DNo · 10/11/2016 15:52

This is hard to post.

My daughter is 9 and my sons are 8 and 3. We are on the brink of bankruptcy due to me leaving my very well paid job to have DC3. I never in a million years dreamed we'd be in this situation.

Our mortgage is one month behind and our two credit cards are maxed due to essential buys - no frivolous spending, just childcare costs and things like school uniform and food shopping. We are not idiots and it's only been the last 3 years we've used credit. I work 30 hours per week but I used to earn 3 times my wage.

We have literally £140 to spend for Christmas as we've been saving £5 a week. There is no way we can get more money as I've sold all our non essentials - we don't even have a microwave as I sold it for £20.

Would you explain to the eldest that Father Christmas chooses to spend more on the younger children and older children get rewarded in other ways during the year? Or tell the truth? They'll still have a wonderful Christmas I promise you! But how do you tell them that some children get more than others?

Not looking for any sympathy, just advice from people who may have been in a similar situation, thank you. X

OP posts:
Starlight2345 · 10/11/2016 19:19

Can I also say Op..You say you have never claimed a penny..Have you looked at your income for WTC..You may be eligible which would also help with Childcare costs..It may mean you could work more hours if not returning full time.

DNo · 10/11/2016 19:20

We are not entitled to anything else -tax credits etc.

OP posts:
AvaCrowder · 10/11/2016 19:20

I think that if you are eligible for benefits, now would be a good time to claim them.

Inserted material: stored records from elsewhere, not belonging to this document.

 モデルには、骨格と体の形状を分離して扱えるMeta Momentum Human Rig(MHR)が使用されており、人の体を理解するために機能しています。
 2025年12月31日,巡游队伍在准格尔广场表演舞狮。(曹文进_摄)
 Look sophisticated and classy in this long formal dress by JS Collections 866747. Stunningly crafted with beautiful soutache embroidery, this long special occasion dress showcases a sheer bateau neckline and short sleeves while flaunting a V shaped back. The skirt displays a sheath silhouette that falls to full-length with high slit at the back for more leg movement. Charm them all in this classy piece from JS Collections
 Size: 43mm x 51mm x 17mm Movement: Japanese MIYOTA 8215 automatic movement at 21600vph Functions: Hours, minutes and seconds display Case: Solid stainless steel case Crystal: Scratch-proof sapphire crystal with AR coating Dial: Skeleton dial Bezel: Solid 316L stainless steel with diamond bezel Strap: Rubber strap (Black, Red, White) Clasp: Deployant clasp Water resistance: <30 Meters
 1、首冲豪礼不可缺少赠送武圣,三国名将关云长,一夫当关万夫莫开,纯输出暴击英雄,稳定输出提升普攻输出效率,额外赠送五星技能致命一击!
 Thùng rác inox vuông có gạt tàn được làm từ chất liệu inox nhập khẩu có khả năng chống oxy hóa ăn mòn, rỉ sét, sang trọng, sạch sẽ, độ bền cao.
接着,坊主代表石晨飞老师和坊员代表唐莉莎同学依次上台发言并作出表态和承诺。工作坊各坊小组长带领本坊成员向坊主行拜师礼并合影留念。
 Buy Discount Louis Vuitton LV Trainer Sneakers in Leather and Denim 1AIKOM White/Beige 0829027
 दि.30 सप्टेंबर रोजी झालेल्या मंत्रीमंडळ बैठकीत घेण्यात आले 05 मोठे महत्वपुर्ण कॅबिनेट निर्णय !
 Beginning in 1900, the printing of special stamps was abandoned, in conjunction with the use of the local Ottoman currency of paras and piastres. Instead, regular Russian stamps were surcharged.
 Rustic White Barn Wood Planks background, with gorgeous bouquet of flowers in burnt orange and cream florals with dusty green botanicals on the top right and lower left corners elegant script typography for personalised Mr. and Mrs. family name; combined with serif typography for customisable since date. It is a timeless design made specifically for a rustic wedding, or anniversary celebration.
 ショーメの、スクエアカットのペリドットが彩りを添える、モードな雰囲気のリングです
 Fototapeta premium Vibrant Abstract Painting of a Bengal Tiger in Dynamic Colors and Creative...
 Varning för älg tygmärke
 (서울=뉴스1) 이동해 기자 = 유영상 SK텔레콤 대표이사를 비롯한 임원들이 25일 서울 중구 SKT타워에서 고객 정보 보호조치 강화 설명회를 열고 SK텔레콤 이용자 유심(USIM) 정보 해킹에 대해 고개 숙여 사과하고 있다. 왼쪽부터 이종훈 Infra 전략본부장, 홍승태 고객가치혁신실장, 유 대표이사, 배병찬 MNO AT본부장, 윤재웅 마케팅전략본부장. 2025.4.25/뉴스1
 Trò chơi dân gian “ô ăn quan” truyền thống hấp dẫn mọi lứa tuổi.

mummyto2monkeys · 10/11/2016 19:22

I haven't read the full thread but I just wanted to agree with other posters:

The book people/ amazon/ eBay for book collections.

Tesco usually do a double your points offer on toys and clothes on the run up to Christmas.

Make a list of gifts and shop everywhere! My daughter has asked for the Breyer emergency vet vehicle which is usually over £100- £110/at Argos. I just bought it brand new on an equestrian site for £25 .

EBay/ local adds page/ gumtree/ local netkums for sale page for second hand toys/ computer games/ clothes. Zulily sometimes have great offers on too!

Subscribe to all the different stores that sell the gifts you are after. Check your email every day for new offers.

Ransack the house, sell anything that hasn't been used in over a year. EBay or local adds page are great for this!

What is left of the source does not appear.